- _WHAT YOU ARE ASKED TO DO_
Copy each line below exactly as it appears. Pictures are to be omitted.

- _DATASET SECTION_
.....
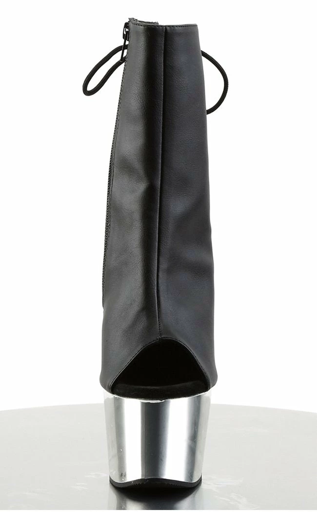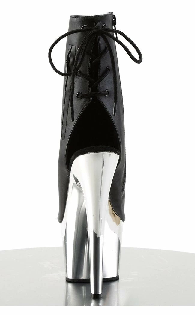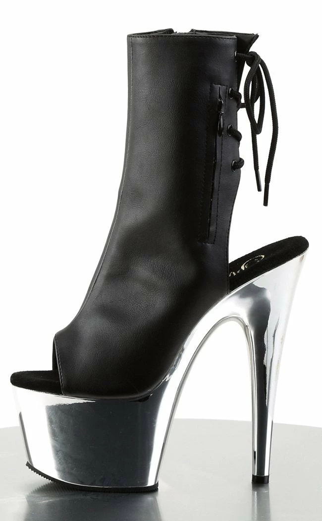 7″ Heel, 2 3/4″ Chrome Plated PF Open Toe/Heel Ankle Boot
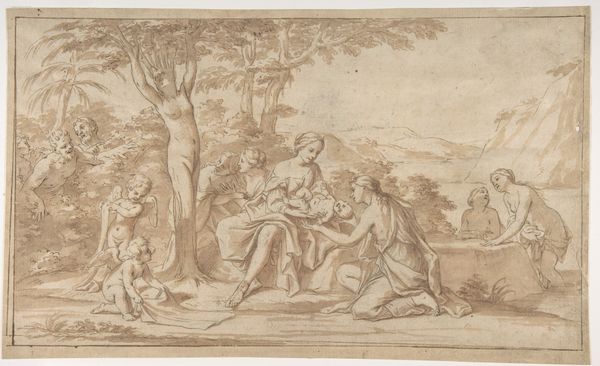 Curator: This is a fascinating watercolor drawing, "The Preaching of Saint John the Baptist," crafted by Gerrit Pietersz sometime between 1598 and 1604. It now resides here at The Met. Editor: What strikes me immediately is the almost dreamlike quality. The blues and browns... it's faded, or perhaps intentionally muted, lending a hazy feel. The gathering seems far removed from us in their focused listening. Curator: Yes, and notice how the use of watercolor gives it an airy, almost ephemeral quality. I wonder, what paper was available? What were the societal demands in artistic training or labor for a piece like this? Were these watercolor pigments derived locally? All things to think about for the conditions of creating an artwork such as this one. Editor: An interesting idea. What catches my eye, too, is the grouping of figures to the right. Is that a family, watching the sermon from afar, seemingly detached? A wealthy benefactor? Curator: I see what you mean, but isn’t it compelling how Pieterz utilizes landscape—that broad, slightly indistinct backdrop—not just as setting, but as an emotional stage? The northern renaissance focus is truly impressive when he is working within the means of readily available material culture for pigments and the skill of laborers making paper. Editor: You're right. It’s a skillfully crafted landscape that gives that open sky behind the crowd so much significance; all of it feels like a great precursor to more complex techniques yet to come. One also wonders how patronage for the materials might have further propelled his creativity and technique here? Curator: The use of available materials here emphasizes an economy of artistic labor in such Northern Renaissance-esque biblical paintings. So much is emphasized simply from looking at how this artist has to pull from accessible local material sources. I always learn so much every time I pass by. Editor: I feel so close to this moment and time, like this artwork offers so many little mysteries to engage with and reflect. Thanks so much for pulling this back to the materiality to the era!
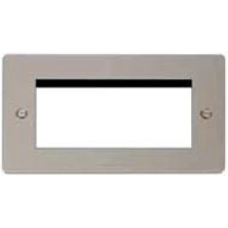 FPPN312 Pearl Nickel frontplate, 2 gang quad aperture · · · Pearl nickel finish · · Front Plate: Stainless Steel Insert: Nylon Earth Strap: Mild Steel · · Plate Fixing Centres 120.6mm · · Back Box Depth Dependent On Modules Fitted · · IP20 protection rating · · 10 year warranty · · BS 5733: 2010
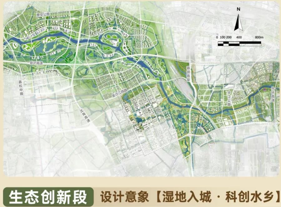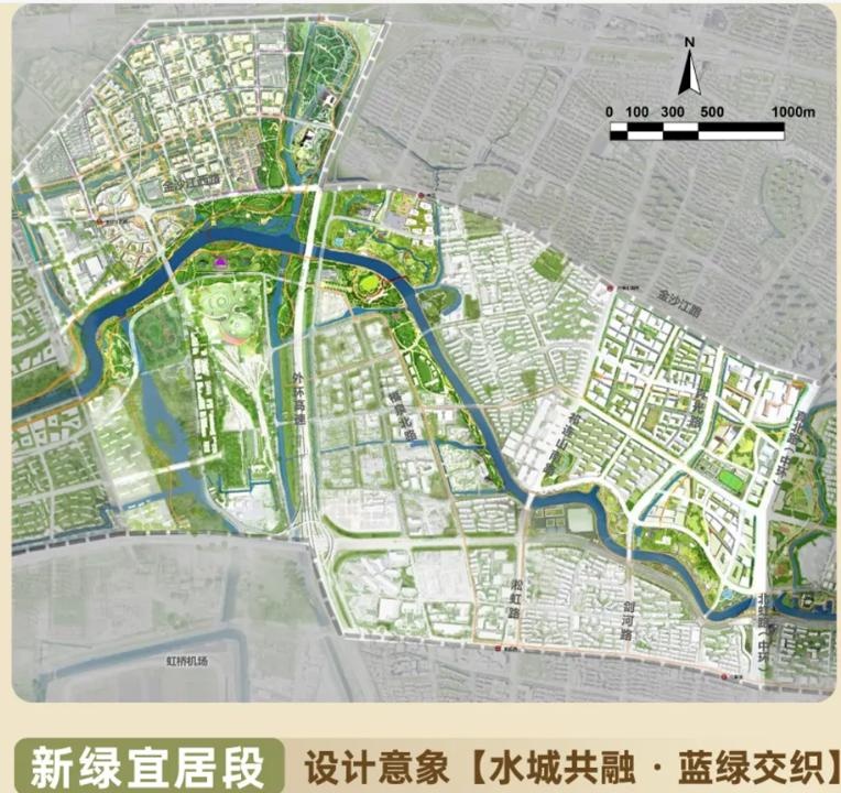 新绿宜居段范围在真北路桥—外环吴淞江桥,规划通过引导腹地成片转型地区内城市功能和绿色开放空间相融,协调外环两侧四区交界节点空间,集中打造文体娱融合的大型滨水节点。
.....
- _ANSWER TO THE PROBLEM_
 7″ Heel, 2 3/4″ Chrome Plated PF Open Toe/Heel Ankle Boot
 Curator: This is a fascinating watercolor drawing, "The Preaching of Saint John the Baptist," crafted by Gerrit Pietersz sometime between 1598 and 1604. It now resides here at The Met. Editor: What strikes me immediately is the almost dreamlike quality. The blues and browns... it's faded, or perhaps intentionally muted, lending a hazy feel. The gathering seems far removed from us in their focused listening. Curator: Yes, and notice how the use of watercolor gives it an airy, almost ephemeral quality. I wonder, what paper was available? What were the societal demands in artistic training or labor for a piece like this? Were these watercolor pigments derived locally? All things to think about for the conditions of creating an artwork such as this one. Editor: An interesting idea. What catches my eye, too, is the grouping of figures to the right. Is that a family, watching the sermon from afar, seemingly detached? A wealthy benefactor? Curator: I see what you mean, but isn’t it compelling how Pieterz utilizes landscape—that broad, slightly indistinct backdrop—not just as setting, but as an emotional stage? The northern renaissance focus is truly impressive when he is working within the means of readily available material culture for pigments and the skill of laborers making paper. Editor: You're right. It’s a skillfully crafted landscape that gives that open sky behind the crowd so much significance; all of it feels like a great precursor to more complex techniques yet to come. One also wonders how patronage for the materials might have further propelled his creativity and technique here? Curator: The use of available materials here emphasizes an economy of artistic labor in such Northern Renaissance-esque biblical paintings. So much is emphasized simply from looking at how this artist has to pull from accessible local material sources. I always learn so much every time I pass by. Editor: I feel so close to this moment and time, like this artwork offers so many little mysteries to engage with and reflect. Thanks so much for pulling this back to the materiality to the era!
 FPPN312 Pearl Nickel frontplate, 2 gang quad aperture · · · Pearl nickel finish · · Front Plate: Stainless Steel Insert: Nylon Earth Strap: Mild Steel · · Plate Fixing Centres 120.6mm · · Back Box Depth Dependent On Modules Fitted · · IP20 protection rating · · 10 year warranty · · BS 5733: 2010
 新绿宜居段范围在真北路桥—外环吴淞江桥,规划通过引导腹地成片转型地区内城市功能和绿色开放空间相融,协调外环两侧四区交界节点空间,集中打造文体娱融合的大型滨水节点。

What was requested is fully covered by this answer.